To the tune of Give Peace a Chance...
All chaps are assless, or else they're just pants.


----------



## Manly (May 4, 2018)

blacktail said:


> To the tune of Give Peace a Chance...
> All chaps are assless, or else they're just pants.



Technically you are correct blackmale. The term assless chaps is a local colloquialism we use here to describe the wearing of chaps with nothing underneath them. This style is often seen in the woods during the warmer cutting season as well as in the bars and clubs after a long day of cutting and bucking. It is somewhat of an oxymoron term since assless would seem to indicate no buttocks yet with this style you get full buttock exposure, and often more depending on your style. I hope this explanation clears up any confusion.


----------



## Happy Stacker (May 4, 2018)

Manly said:


> Technically you are correct blackmale.  This style is often seen in the woods during the warmer cutting season as well as in the bars and clubs after a long day of cutting and bucking.


Those bars sound a little too MANLY for me...


----------



## Manly (May 4, 2018)

Happy Stacker said:


> Those bars sound a little too MANLY for me...

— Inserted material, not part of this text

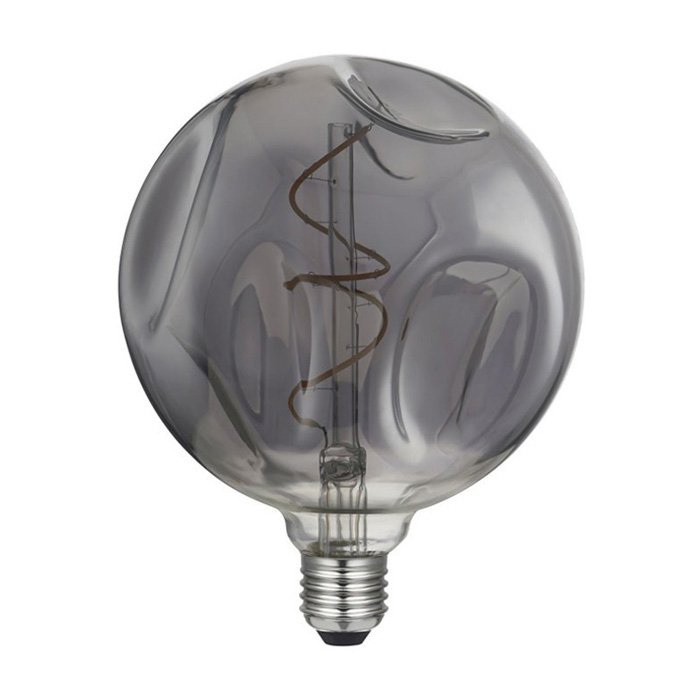 Stmívatelná designová žárovka E27 závitu s produktovým označením Bumped Smoky o příkonu 5W je dekorativní a moderní světelný zdroj. Vzhledem k oblíbenému tvaru kouřové skleněné baňky G140 (Globe - v nejširší části Ø 140mm) je skvělou alternativou do všech závěsných svítidel s objímkou E27. To co dělá žárovku Bumped Smoky mimořádným prvkem světlené dekorace je tvarování světleného vlákna do spirály. Mistrovským dílem je rovněž promáčknutý tvar kouřového skla baňky. Při rozsvícení design žárovky se projeví výhody obou výrobních technologií, které na sebe upoutají veškerou pozornost. Kombinace spirálového vlákna a promáčknutého skla design žárovky G140 Bumped Smoky produkuje scénické nebo harmonické osvětlení charakteristiky:
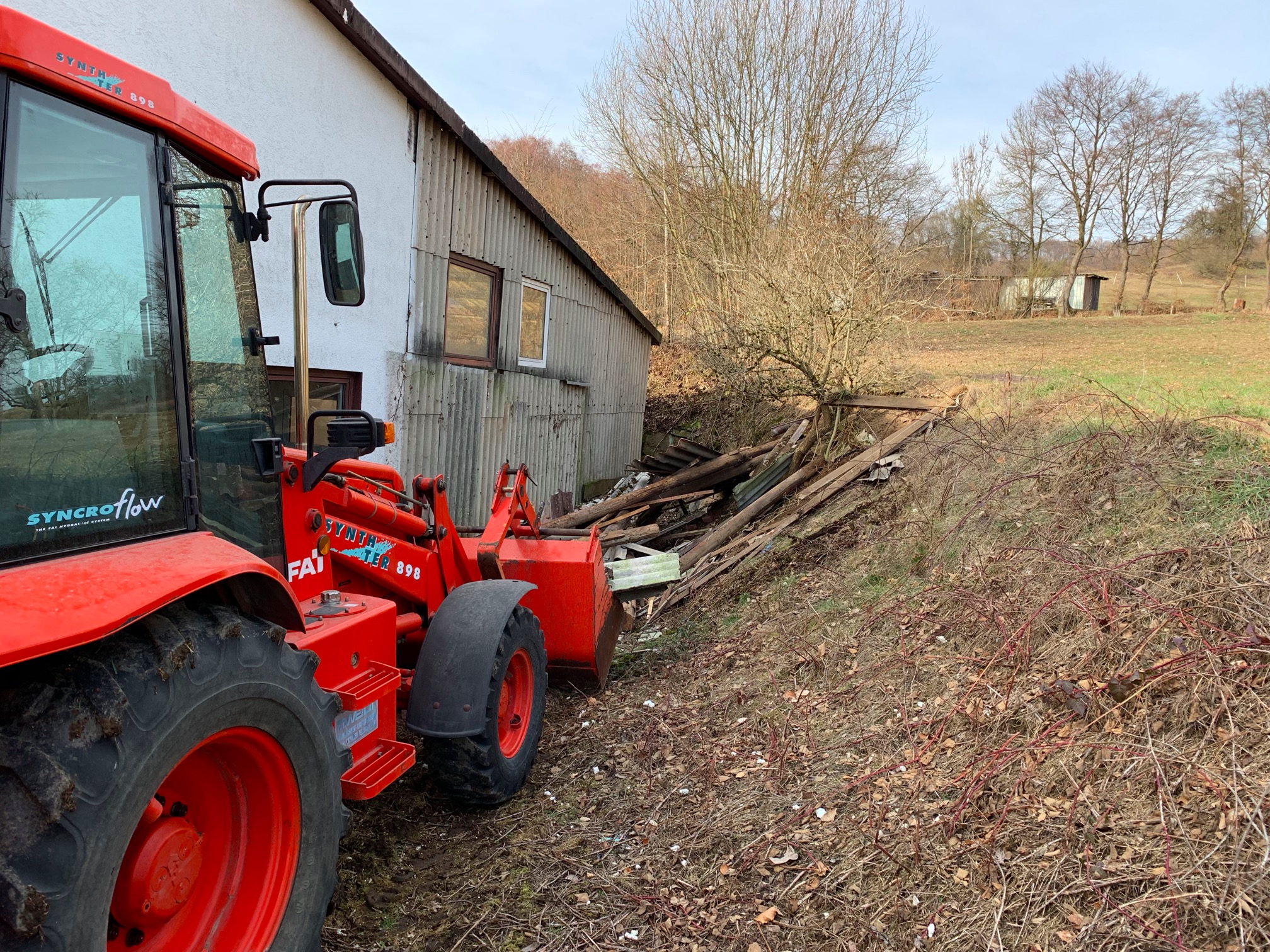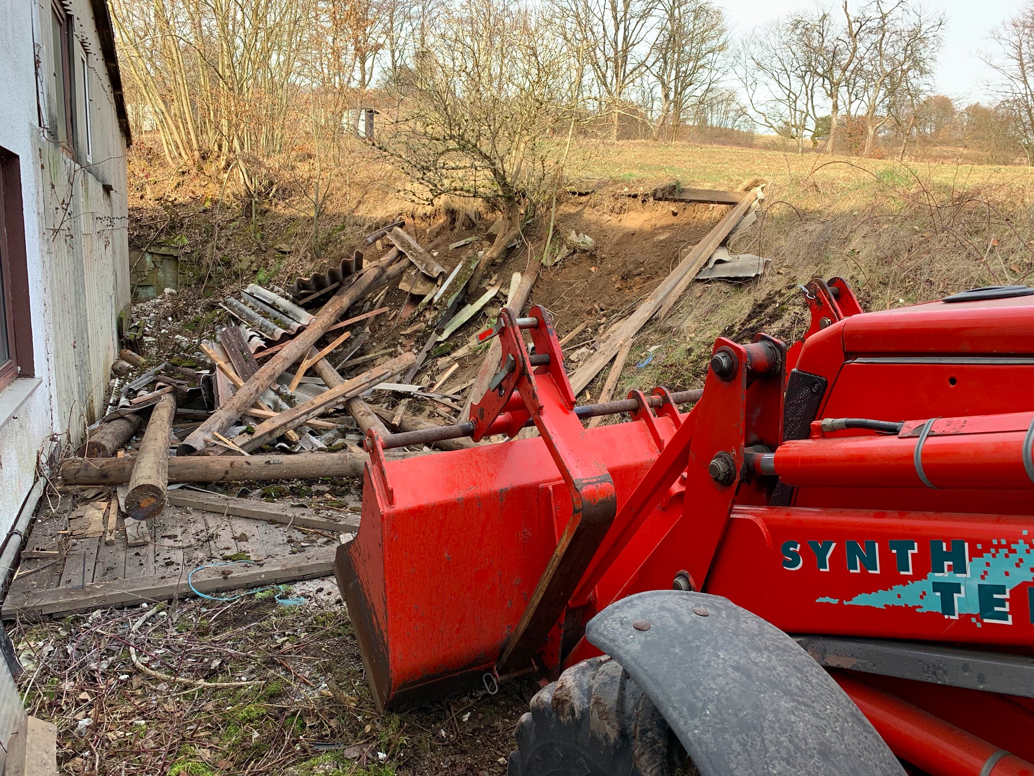 Der Wettergott war gnädig - am Sonntag, den 24.02.2019 schien die Sonne (wie wohl schon die gesamte Woche) und damit war der Boden fest genug, um mit dem Baggerlader hineinzufahren, damit der Abriss der Hütte erledigt werden konnte - jaaaa, Erfolg!

I will say some of the local bars here are pretty rough. You’ve got to watch your butt and watch what you say. Some of these guys will ride you pretty hard if you give them an opening. Definitely a totesterone fueled atmosphere. Think biker bar but filled with a whole lot of Frenchman. Don’t take that the wrong way. I have nothing against Frenchman, my sister knew one once. Anywho during cutting season these local bars are the place to be after a hard day of cutting and bucking. Grab a cold one, relax and loosen up your chaps. Just make sure you watch your butt.


----------



## johneh (May 4, 2018)

Manly said:


> Technically you are correct blackmale. The term assless chaps is a local colloquialism we use here to describe the wearing of chaps with nothing underneath them. This style is often seen in the woods during the warmer cutting season as well as in the bars and clubs after a long day of cutting and bucking. It is somewhat of an oxymoron term since assless would seem to indicate no buttocks yet with this style you get full buttock exposure, and often more depending on your style. I hope this explanation clears up any confusion.




Personal experience ????


----------



## Happy Stacker (May 4, 2018)

johneh said:


> Personal experience ????


----------



## Manly (May 5, 2018)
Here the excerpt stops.